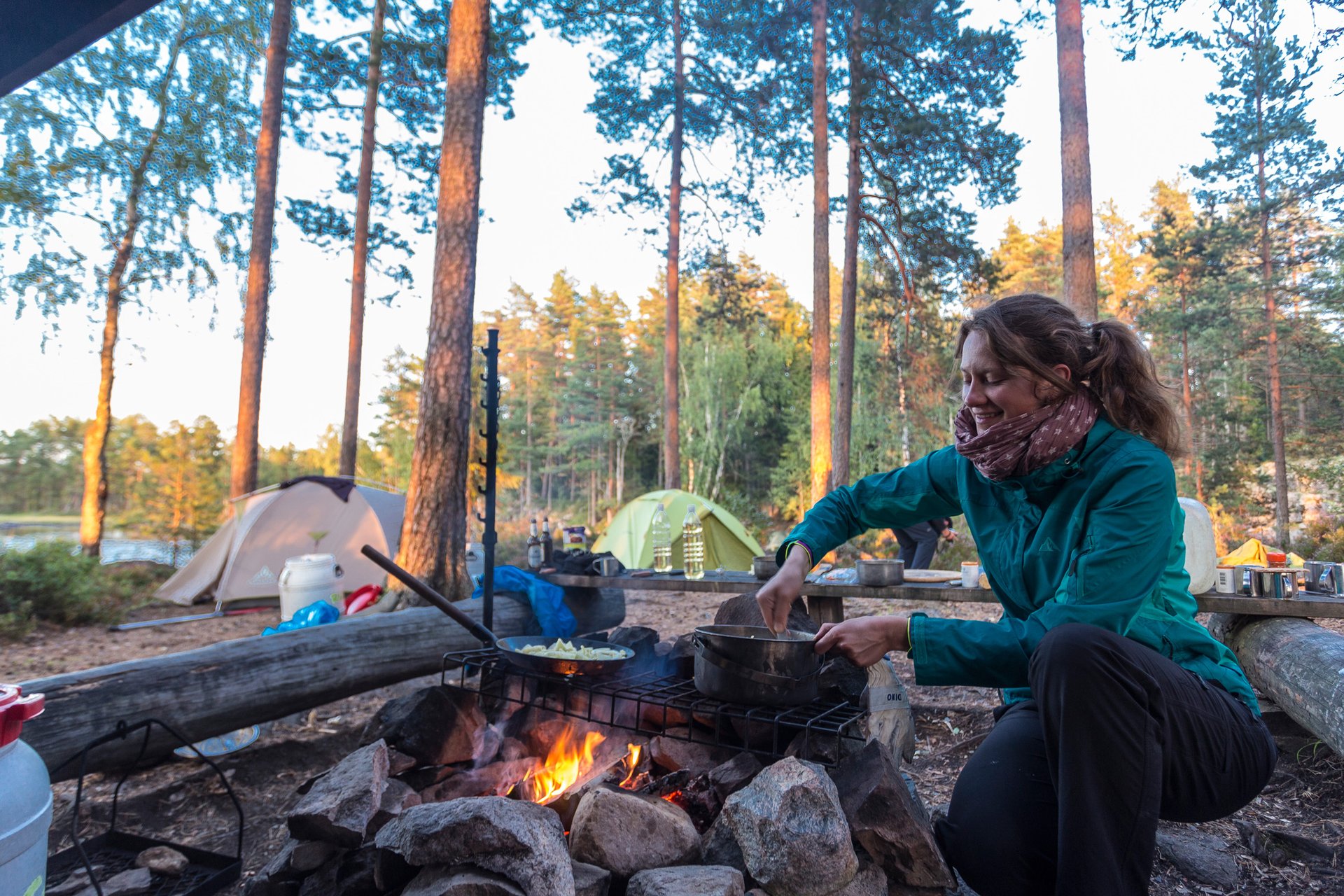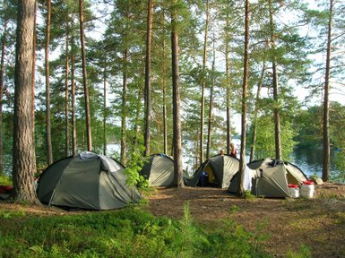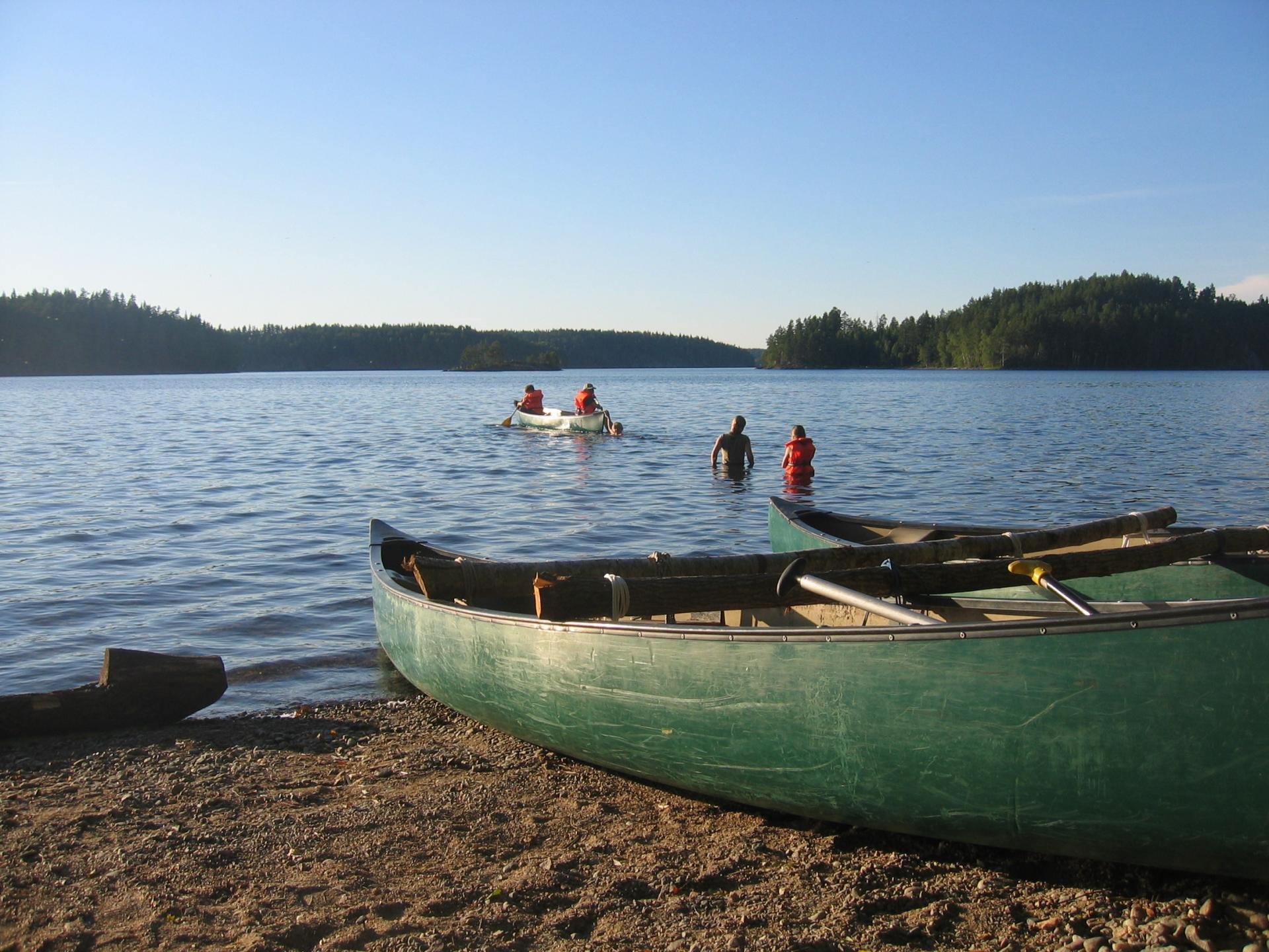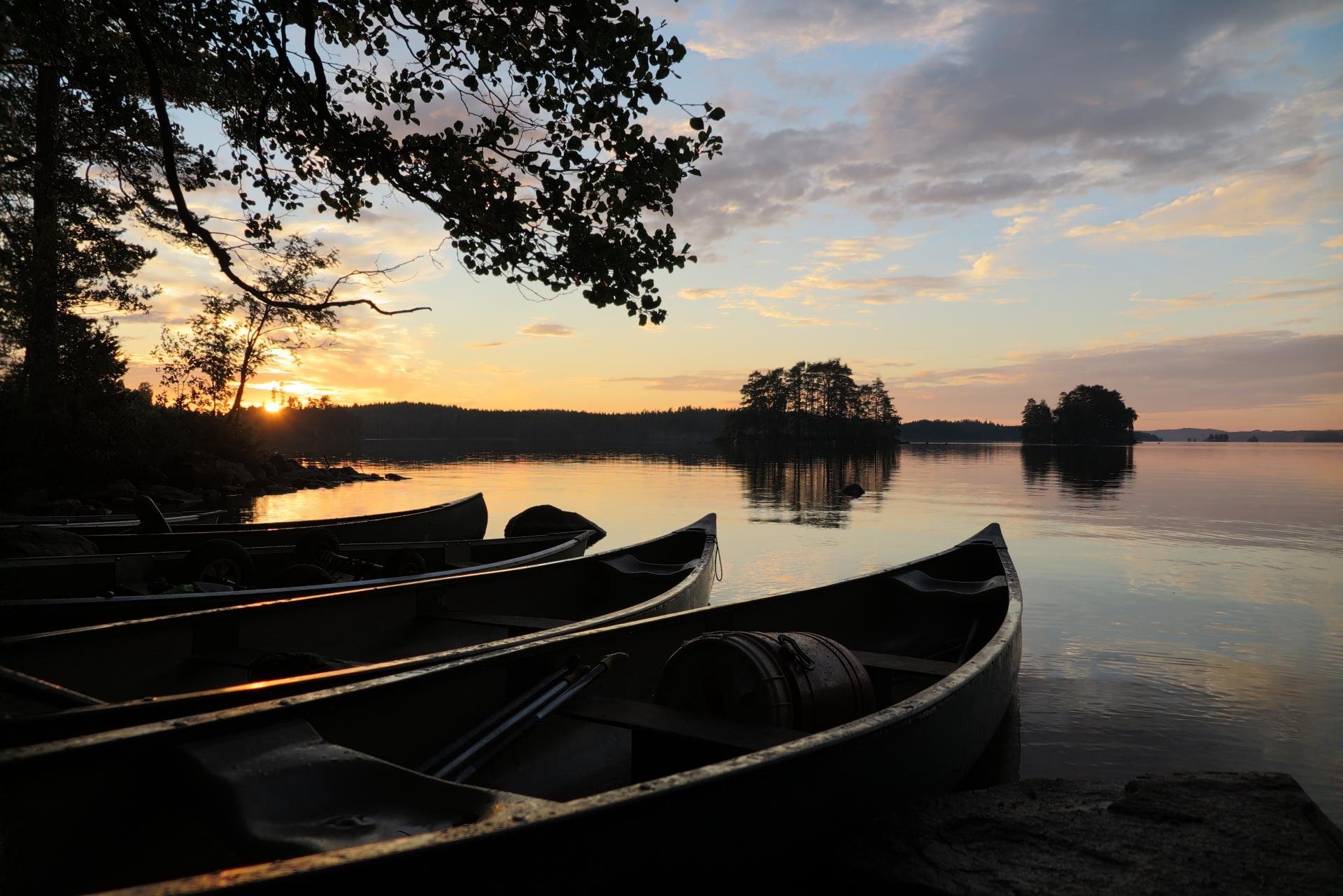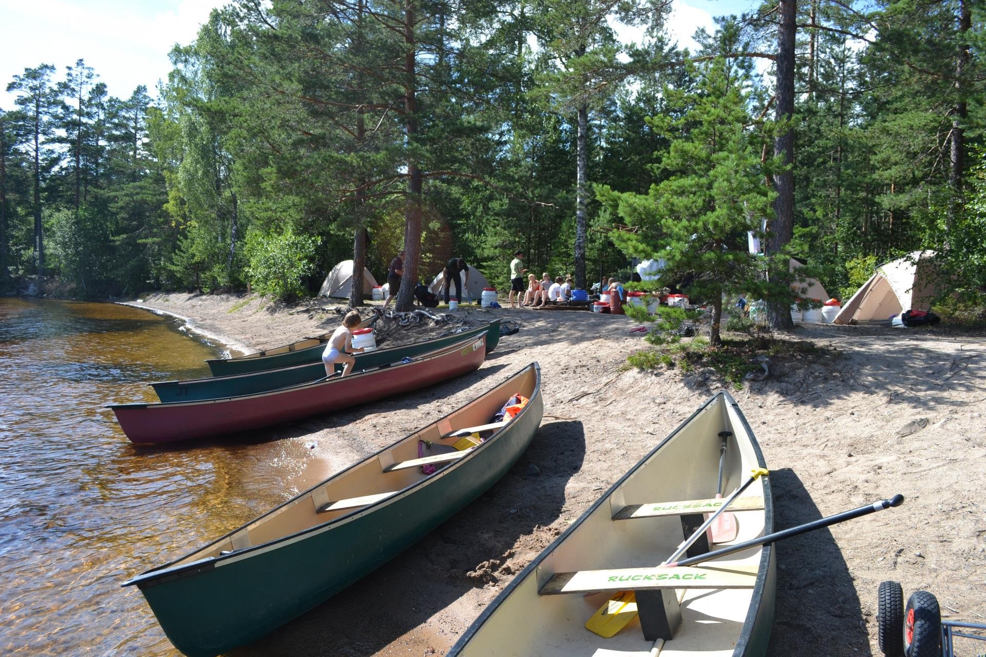 Unsere Gruppe trifft sich am Samstag um 15:00 Uhr in der Kanubasis am Kanucamp Rök am See Östra Silen. Hier stellt sich unserer Tourenbegleiter vor und wir lernen gemeinsam unsere Ausrüstung und unsere neuen Gefährten, die Kanus, kennen. Unser Guide erklärt die beste Rudertechnik und bespricht außerdem ein paar Verhaltensregeln für die kommenden Tage mit uns. Dann werden die Ausrüstung und Verpflegung, die wir in den nächsten Tagen benötigen, in wasserdichte Tonnen und Säcke verpackt. Die erste Nacht verbringen wir direkt am Wasser, wo wir schon mal üben, wie man die Schwimmwesten anlegt und die Boote steuert. Wir bauen unsere Zelte auf und kochen gemeinsam unser erstes Abendessen.
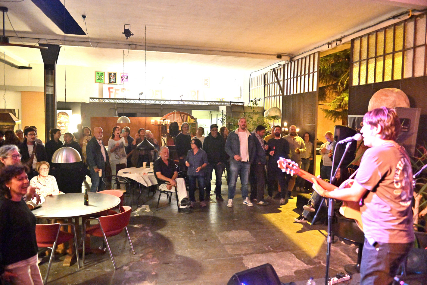 La vetllada va arrencar amb un sopar popular amenitzat amb l’actuació del cantant valencià Quim Sanç, que va interpretar diversos poemes musicats d’Estellés i d’altres autors. L’actuació de Quim Sanç va sorprendre gratament el públic, que en va destacar la proximitat i va expressar la voluntat de tornar-lo a escoltar en futurs actes. A més, entre cançons, el públic va tenir l’oportunitat de pujar a l’escenari i recitar una bona selecció de poemes del mestre de Burjassot, creant un ambient literari emotiu.
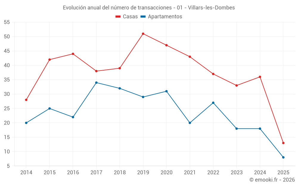 El precio mediano en las 37 transacciones de casas de los últimos 12 meses en la comuna de Villars-les-Dombes fue de 2 817 € por metro cuadrado para un valor patrimonial medio de 280 000 €. Durante este período el 60% de las transacciones estuvieron entre 2 191 y 3 391 € por metro cuadrado (del 2º al 8º decil).
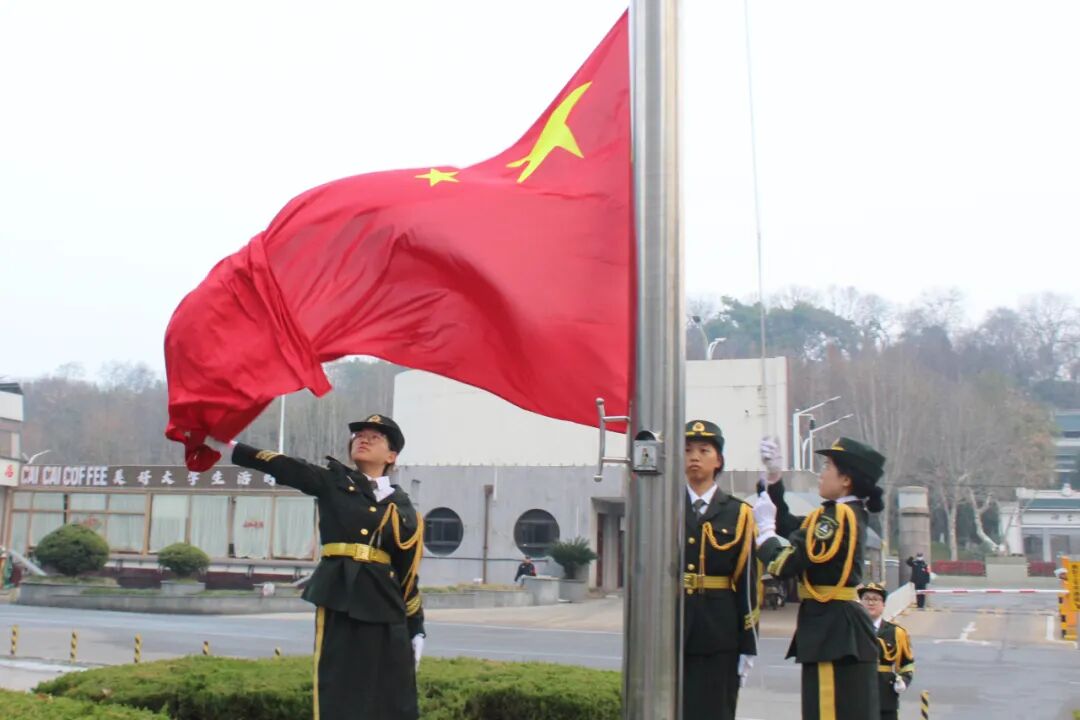 上午7时,国旗护卫队迈着整齐有力的步伐护送五星红旗入场。伴随着雄壮的《义勇军进行曲》,鲜艳的国旗冉冉升起,全体师生肃立行注目礼,齐声高唱国歌,表达对祖国的无限热爱与崇高敬意。
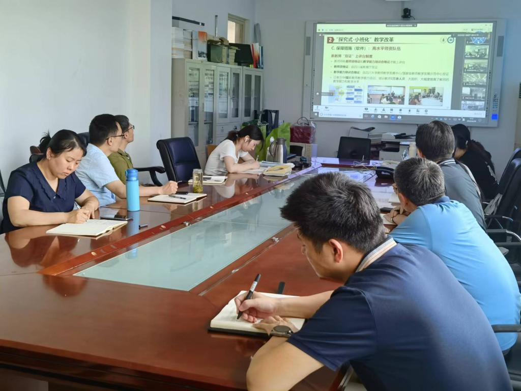 6月 24 日上午,省教育厅召开了全省普通本科高校课堂教学改革推进会。本次会议以视频形式召开,主会场设在省教育厅,我校分会场设在教务处会议室。学校教务处全体人员、各学院副院长在我校分会场观看线上直播。各二级学院院长、各专业负责人、教研室主任、一流课程负责人、骨干教师等组织了线上收看活动。
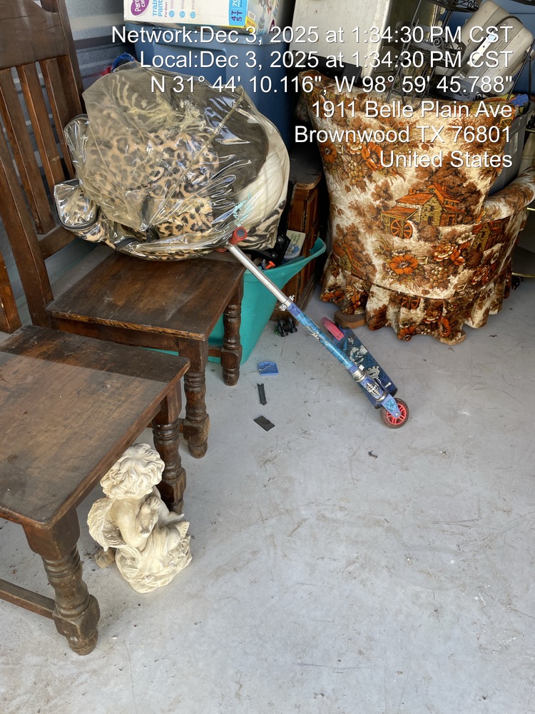 Table and chairs, Microwave, Yard tools, Totes, Furniture, Lamp, Shelves, Scooter, Space heater, Toys, Figurines, Misc. items

**Aim of the task:**
From the line containing "上午7时,国旗护卫队迈着整齐" down to the end of the listing above, every line is to be returned exactly, though the pictures are not.

**Solved exercise:**
 上午7时,国旗护卫队迈着整齐有力的步伐护送五星红旗入场。伴随着雄壮的《义勇军进行曲》,鲜艳的国旗冉冉升起,全体师生肃立行注目礼,齐声高唱国歌,表达对祖国的无限热爱与崇高敬意。
 6月 24 日上午,省教育厅召开了全省普通本科高校课堂教学改革推进会。本次会议以视频形式召开,主会场设在省教育厅,我校分会场设在教务处会议室。学校教务处全体人员、各学院副院长在我校分会场观看线上直播。各二级学院院长、各专业负责人、教研室主任、一流课程负责人、骨干教师等组织了线上收看活动。
 Table and chairs, Microwave, Yard tools, Totes, Furniture, Lamp, Shelves, Scooter, Space heater, Toys, Figurines, Misc. items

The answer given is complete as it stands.